Mad Cow, Foot-And-Mouth Diseases Causing Confusion

Is there any connection between the outbreaks of mad cow disease and foot-and-mouth disease that have dominated international news lately?

No, the two diseases couldn't be more different, says Sam Winfree, an animal science professor at Tennessee Tech University.

"There's a lot of misinformation and misunderstanding about mad cow disease and foot-and-mouth," said Winfree, who teaches a course on animal diseases. "But these diseases, in many ways, are as different as two diseases can be."

The United States has not had a case of foot-and-mouth disease, a contagious virus, since 1929. Quarantine and slaughter, much like what is happening in Europe now, eliminated the virus from the country. The disease causes blistering of the mouths and feet, lameness, loss of appetite and wasting in many species of animals, but is not transmitted to humans.

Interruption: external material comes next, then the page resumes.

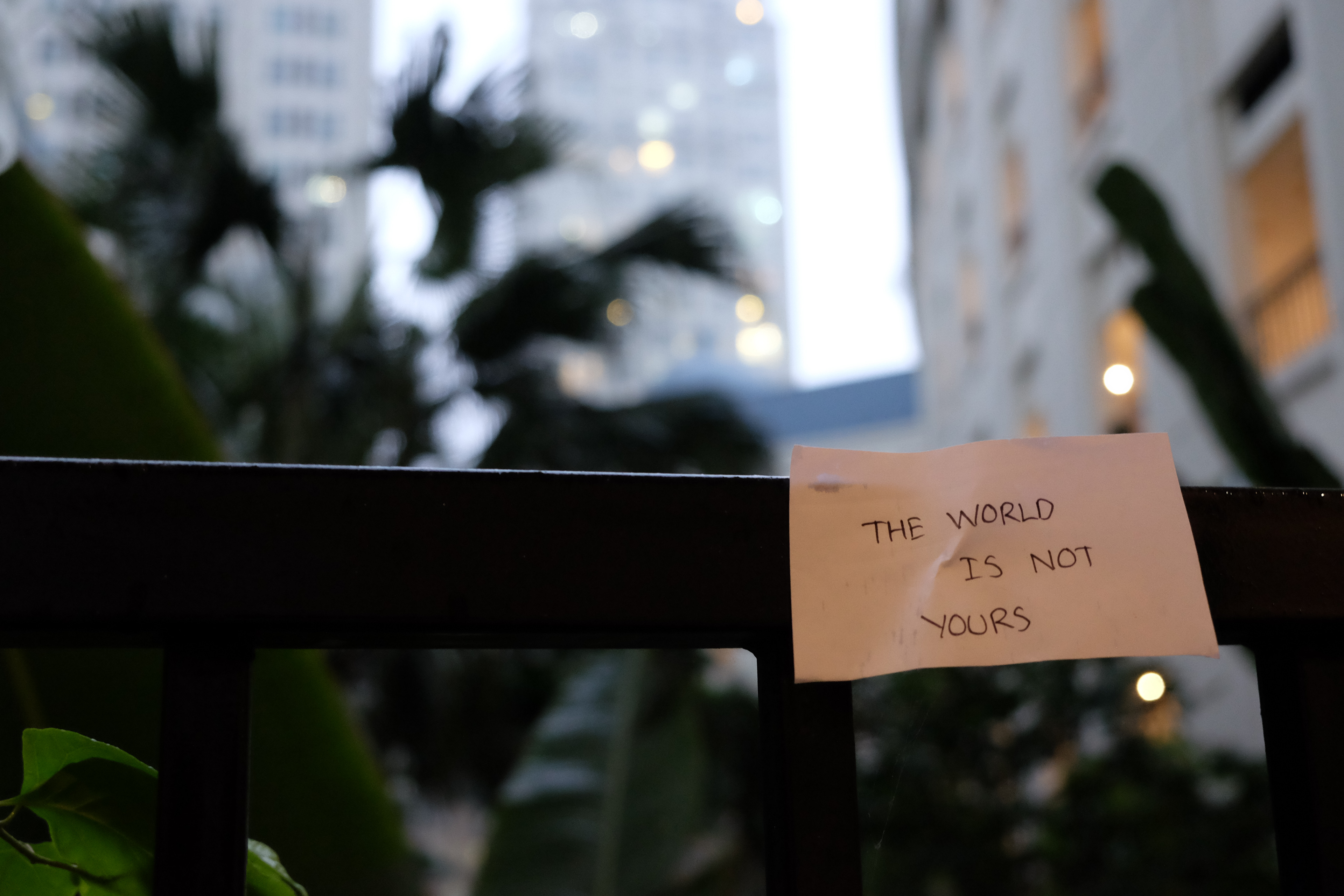 So yes, it's hard for me to feel truly free, and I don't think that true freedom will be accomplished in this lifetime. I dream of going off grid when I'm 40, raising my chickens pigs and children, growing my crops away from any street lights and boulevards. But I know that's a dream, because you have to feed into the system in order to get somewhere. Like I told you before, the last time I felt free free, was in Vietnam when Google Maps could not fins my location. That kind of where I got the idea for this image as well. I was reminded I had it in my archive. I was walking on a bridge in Taipei when I came across this paper stuck, with the words "the world is not yours", and that gave me a small sense of freedom. The freedom that there are others who notice the things I notice, who won't give into the bullshit that their ego feeds on, and who realize they are in an ecosystem which they are part of. It gave me a sense of community, of strangers, of shared ideas. It was like a reality check saying that we do not own, we simply are. And I think that's where I find small hints. of freedom in order to keep myself going."

"Foot-and-mouth disease is highly contagious; it can be carried by the wind, be walked into the country in the dirt on a person's shoes, or it can be carried by any warm blooded animal," said Winfree. "One rat carrying the disease that jumps off a ship from a foreign port can be the beginning of a big problem.

"If you've ever had chicken pox or a fever blister, you've had something similar to foot-and-mouth disease," said Winfree. "But the virus is not a threat to humans and does not survive outside a living animal."

On the other hand, Winfree says the cause of mad cow is unlike any other contagious disease -- it's not a bacteria or a virus. It is an infectious protein called prion with no nucleus, so to multiply it aligns with other proteins in body cells, is reproduced or copied, and eventually causes spongy deterioration of brain and stem tissues.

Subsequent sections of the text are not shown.